Ceartas provide independent advocacy to people over the age of 16 living in East Dunbartonshire. Thanks to generous funding from Big Lottery Scotland, Investing in Ideas, we were able to employ a Writer in Residence to facilitate an 8 week programme for people who have used the services of Ceartas.

Many individuals who seek advocacy only do so when all other routes have been exhausted. Many feel disempowered, voiceless and personally deconstructed. Using your voice and telling your story is the antithesis to being recognised only by a label.

Independent advocacy is about ensuring individuals have a voice and what better way to assist that process than using creative writing as a means of providing an outlet for that voice. There are so many labels attached and assumptions made about people living with long term conditions;  many face stigma and discrimination as part of their daily lives; they are often denied a voice or lack the confidence to use their voice and speak up for themselves.

Writer in Residence, Donna Moore from Glasgow Women’s Library, worked with the group over a period of eight weeks to create a portfolio of participant’s work to include in the anthology.

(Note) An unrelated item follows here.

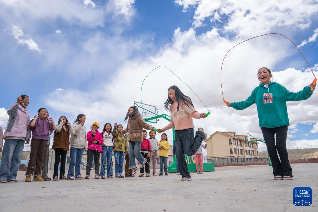 班戈縣中石化小學(xué)學(xué)生尼瑪措姆(右二)和同學(xué)們?cè)诓賵?chǎng)上跳繩(6月22日攝)。
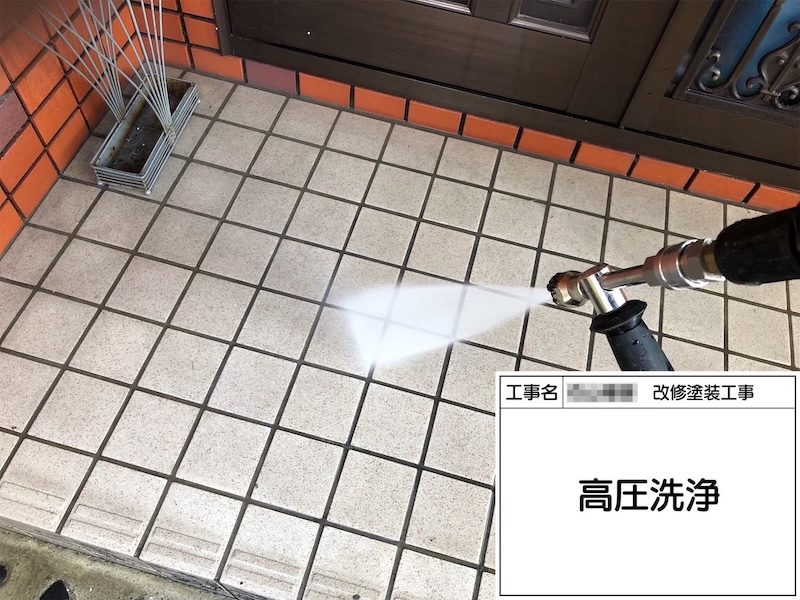 塀や土間コンクリート、玄関タイルなども洗浄し、建物全体の美観が高まるように隅々まで洗浄させていただきました。

The highly anticipated ‘I Am…’ publication featuring stories from those on the course will be released over two days this February at; the Glasgow Women’s Library on Thursday 15th February, 2.30pm and the William Patrick Library in Kirkintilloch on Wednesday 21st February, 6.30pm

Creative Writing fits perfectly into the work that Ceartas does: it’s about assisting individuals to express themselves in a manner that does not focus solely on their literacy skills; it is about demonstrating to others the impact that having advocacy support can have on individual circumstances; it is about coming together to learn new skills, reduce isolation and to evidence their effective skills in communication no matter what level of literacy skills they have.”

                                                                                                    Sharon Bairden, Services Manager

What does TWG think?

What an enlightening and inspiring anthology this is! Instead of a group of people just writing for the sake of it, writer in residence, Donna Moore, has helped the writers to show their true potential with the work that they have written for the anthology.

At the start of the book, we are introduced to each of the contributors which I thought was such a lovely touch, and made their work come across more personal.

It is extremely clear that Ceartas look after the individuals that require their services, helping them to find their voices, and to be proud of showcasing their thoughts when they probably thought they never would be able to. The inspiration the oozed from every single page was incredibly humbling, touching and severely eye-opening. It certainly made me stop, think and definitely listen.

I am in awe at everyone who wrote a piece for this anthology, and I applaud them for what they have achieved. I am also in awe of Ceartas and what they do, who they help, and the fact that when they say that they’re here to help, they really are.

The ‘I Am….’ anthology was a pleasure to read, they really should be proud of themselves!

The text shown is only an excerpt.